La promotora ha abierto una web en la que muestra todos los permisos y autorizaciones obtenidos cuando se le dio la licencia de obras, https://transparentesconelhotellatejita.info/, con el fin de dar «transparencia» al procedimiento administrativo que ha seguido, y que se encuentra recurrido por Salvar La Tejita y ATAN en vía judicial contencioso administrativa al igual que todo este asunto como denuncia penal en los Juzgados de Granadilla.

El grupo Viqueira insiste en que las obras fueron autorizadas expresamente por el Gobierno de Canarias (cuando estaba en manos de CC, hasta inicios del verano pasado, porque después el criterio del Ejecutivo cambió con respecto a la servidumbre), co informe favorable del Servicio Provincial de Costas de Tenerife, que anteriormente había rechazado la revisión del deslinde.
«Frente a las difamaciones, falsedades y coacciones de los que quieren impedir a toda costa la ejecución de este proyecto hotelero y cuyas pretensiones han sido ilegítimamente acogidas por la Administración Pública, esta empresa ejercitará las acciones legales que correspondan ante los Tribunales de Justicia, solicitando la tutela y defensa de los derechos que le corresponden y de los que se ha visto privada de forma ilegal», subraya el grupo Viqueira.
La inmobiliaria gallega expone que «las implicaciones que acarrea la paralización del proyecto del hotel son desgraciadamente de considerable magnitud», ya que ha tenido que despedir a todos los trabajadores encargados de la ejecución material de los trabajos, suspender todos los contratos celebrados con las subcontratas y proveedores, y la suspensión también del contrato con la constructora propiamente dicha.

A Viqueira le resulta «inconcebible que, por circunstancias ajenas al mercado o a nuestra actividad, nuestra empresa afronte un episodio de alto riesgo en un proyecto que cuenta con el visto bueno de todas las Administraciones públicas, derivado de un cambio de criterio político para dar soporte jurídico a las pretensiones de una minoría en la Isla que se erige como supuesta defensora de los valores ambientales de la zona, tratando de impedir a toda costa la ejecución de un proyecto que, insistimos, cuenta con todas las autorizaciones preceptivas, en las que se ha verificado que ningún valor ambiental resultaba afectado».

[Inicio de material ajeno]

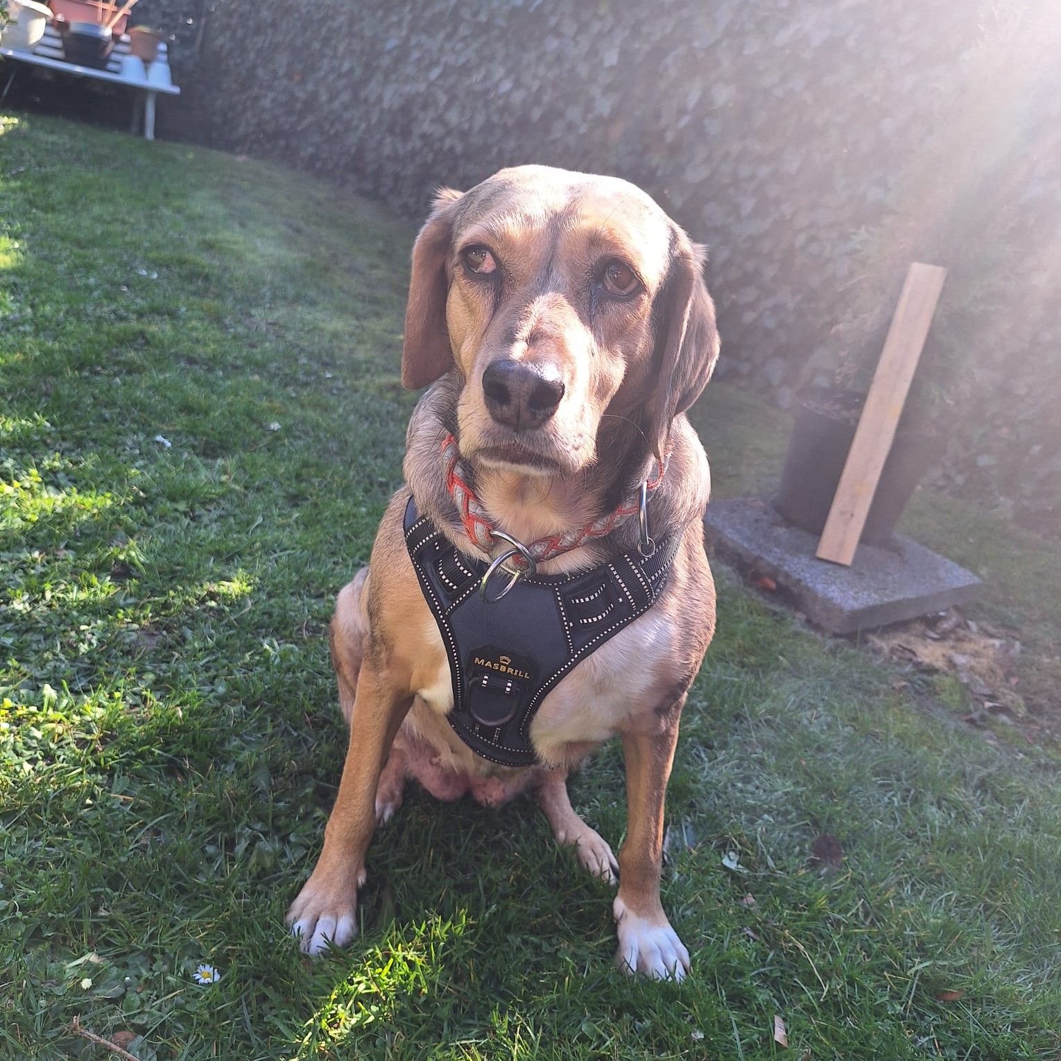 Bei Spaziergängen zeigt sie Jagdtrieb, deshalb kann es sein, dass man sie nie ableinen kann, aber das macht nichts, sie hat auch an der Leine Spaß
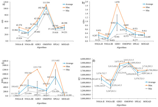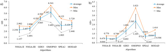 Figure 10a, MOEA/D had the smallest value of GD with 1.557. However, NSGA-II seemed to have a better performance among the algorithms with the smallest average values of 2.044 and dispersion of the results. However, regarding GD+ and IGD+, MOEA/D yielded the best results among the algorithms in terms of both the value and stability. NSGA-II and OMOPSO ranked second, while GDE3 and NSGA-III were not good with GD+ and IGD+, respectively. Regarding the HV indicator, OMOPSO was the best, but was only slightly better than NSGA-II and MOEA/D. NSGA-III was the worst with the smallest value of HV and poor stability.

Por último, la empresa ratifica su » firme propósito «de ejecutar el proyecto del hotel, y acudirá a los tribunales, que considera la única forma admisible en un Estado de derecho «y se contrapone a la empleada por los opositores del hotel que, con amenazas, coacciones, falsedades y ocupaciones ilegales, han conseguido que la Administración paralice un proyecto legal, fomentando de esta manera la desobediencia y el incumplimiento de las normas que conforman el ordenamiento jurídico español».